Assuming that $v$ is a primitive, Is this related to it? But the previous theorem only works for convex set.
 A: In the first lines above, the author uses Green's theorem to prove that the line integral around a closed loop $\alpha$
$$
\int_\alpha \left[ - \frac{\partial u}{\partial y} dx + \frac{\partial u}{\partial x} dy \right] = 0.
$$
This follows from Green's theorem and the fact that $u$ is a harmonic function ($\Delta u = 0$.)
Because the line integral around any closed loop is zero, it follows that the line integral along an open path $\gamma$ from $p$ to any point $(x,y)$ is independent of the path taken between those points.  Thus, the functions $v$ is a function of $x$ and $y$ only, and does not depend on the curve $\gamma$ used to connect them.

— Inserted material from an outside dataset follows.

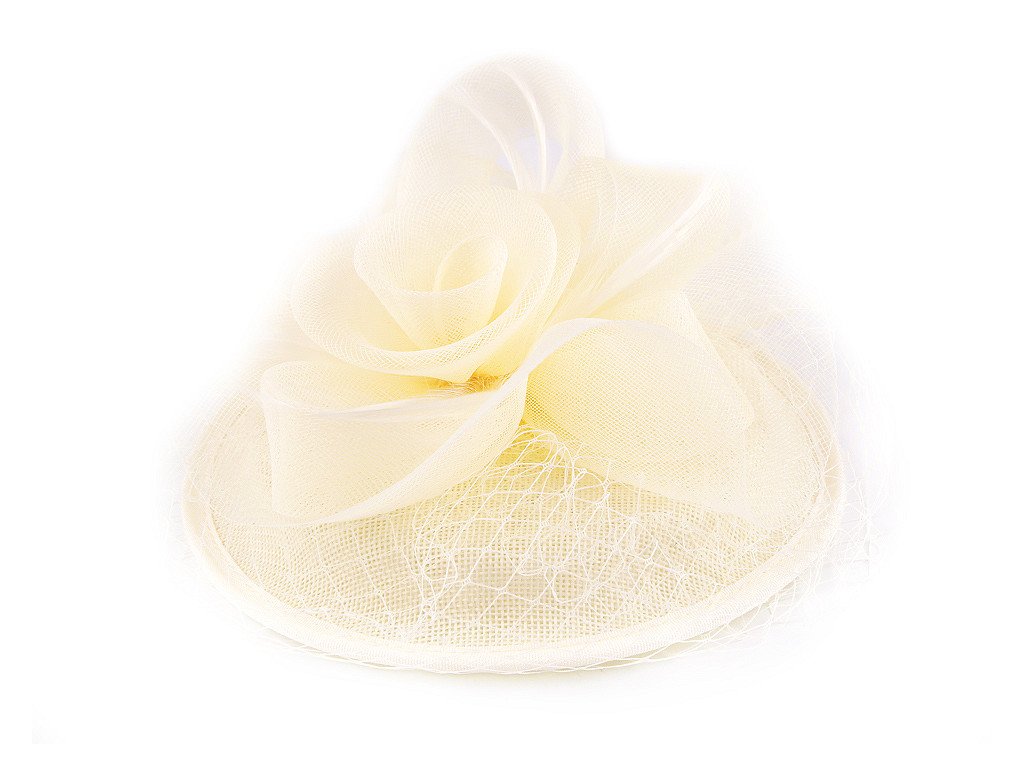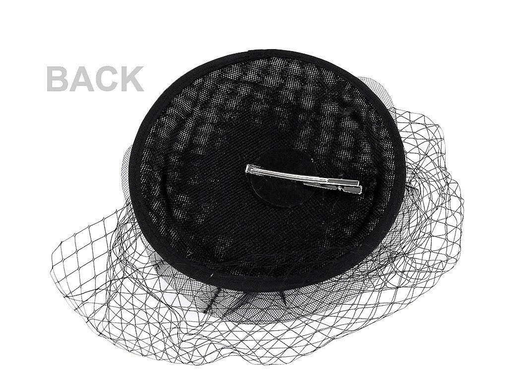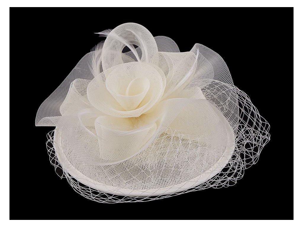 Fascinátor má ze spodní strany dlouhý kovový klips se zoubky. Dá se pohodlně připnout do účesu.

Proof of statement about path-independence:  If there were two paths $\gamma_1$ and $\gamma_2$ between $p$ and $(x,y)$ for which the integrals were different, we could construct a closed loop starting & ending at $p$ consisting of $\gamma_1$ and then $\gamma_2$ in reverse.  By assumption, the contributions from $\gamma_1$ and $\gamma_2$ would not cancel, so the total integral around this loop would be non-zero.  But this contradicts the statement that the integral around any closed loop must be zero.
A: The definition of $v(x,y)$ says "where $\gamma$ is any path between $p$ and $(x,y)$."  To make sure that this definition makes sense, you need to prove that you get the same value for $v(x,y)$ no matter what path $\gamma$ you use.  Green's theorem allows you to prove that.